-- What is needed --
Copy only what lies from the line containing "Upstairs, the property" through the line containing "Küçük yıldızlı renkli" in the entries below, keeping both end lines exact and dropping every picture.

--- Record excerpts Enclosed Below ---

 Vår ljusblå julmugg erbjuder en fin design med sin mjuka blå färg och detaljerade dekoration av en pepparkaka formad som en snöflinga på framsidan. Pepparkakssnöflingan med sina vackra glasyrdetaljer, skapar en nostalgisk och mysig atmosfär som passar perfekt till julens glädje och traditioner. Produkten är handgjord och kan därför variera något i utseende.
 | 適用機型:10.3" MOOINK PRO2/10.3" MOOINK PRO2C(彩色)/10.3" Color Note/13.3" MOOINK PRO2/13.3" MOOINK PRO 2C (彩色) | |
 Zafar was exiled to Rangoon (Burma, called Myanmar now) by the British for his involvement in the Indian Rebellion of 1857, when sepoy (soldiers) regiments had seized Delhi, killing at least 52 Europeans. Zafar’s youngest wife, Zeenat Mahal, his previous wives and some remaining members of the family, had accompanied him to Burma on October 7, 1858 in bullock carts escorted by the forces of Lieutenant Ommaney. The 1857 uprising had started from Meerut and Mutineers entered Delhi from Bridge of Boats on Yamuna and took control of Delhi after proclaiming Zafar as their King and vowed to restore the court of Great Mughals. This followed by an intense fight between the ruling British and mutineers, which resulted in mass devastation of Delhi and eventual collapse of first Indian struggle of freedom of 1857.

--- End of Enclosed Record excerpts ---
--- Record excerpts Enclosed Below ---

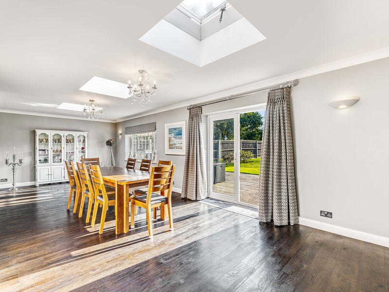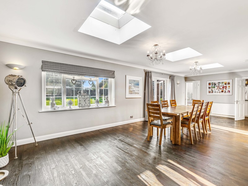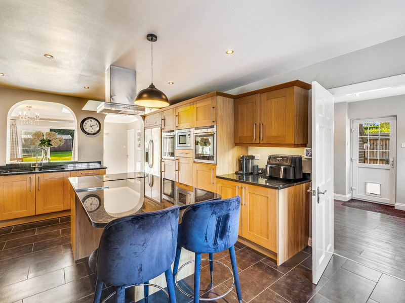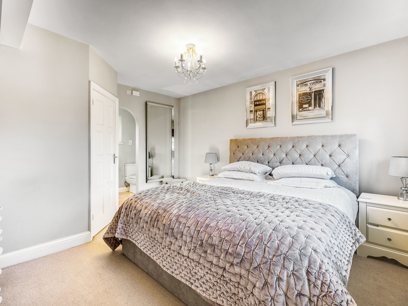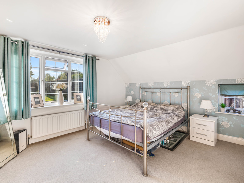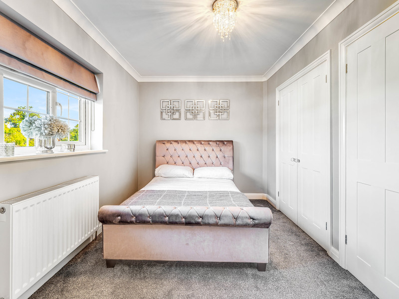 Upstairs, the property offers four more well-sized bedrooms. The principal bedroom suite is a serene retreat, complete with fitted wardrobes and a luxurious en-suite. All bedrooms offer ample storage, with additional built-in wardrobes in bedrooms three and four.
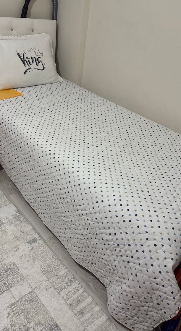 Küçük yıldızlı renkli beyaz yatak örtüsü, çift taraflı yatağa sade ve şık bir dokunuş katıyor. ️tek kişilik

--- End of Enclosed Record excerpts ---

-- Written answer --
 Upstairs, the property offers four more well-sized bedrooms. The principal bedroom suite is a serene retreat, complete with fitted wardrobes and a luxurious en-suite. All bedrooms offer ample storage, with additional built-in wardrobes in bedrooms three and four.
 Küçük yıldızlı renkli beyaz yatak örtüsü, çift taraflı yatağa sade ve şık bir dokunuş katıyor. ️tek kişilik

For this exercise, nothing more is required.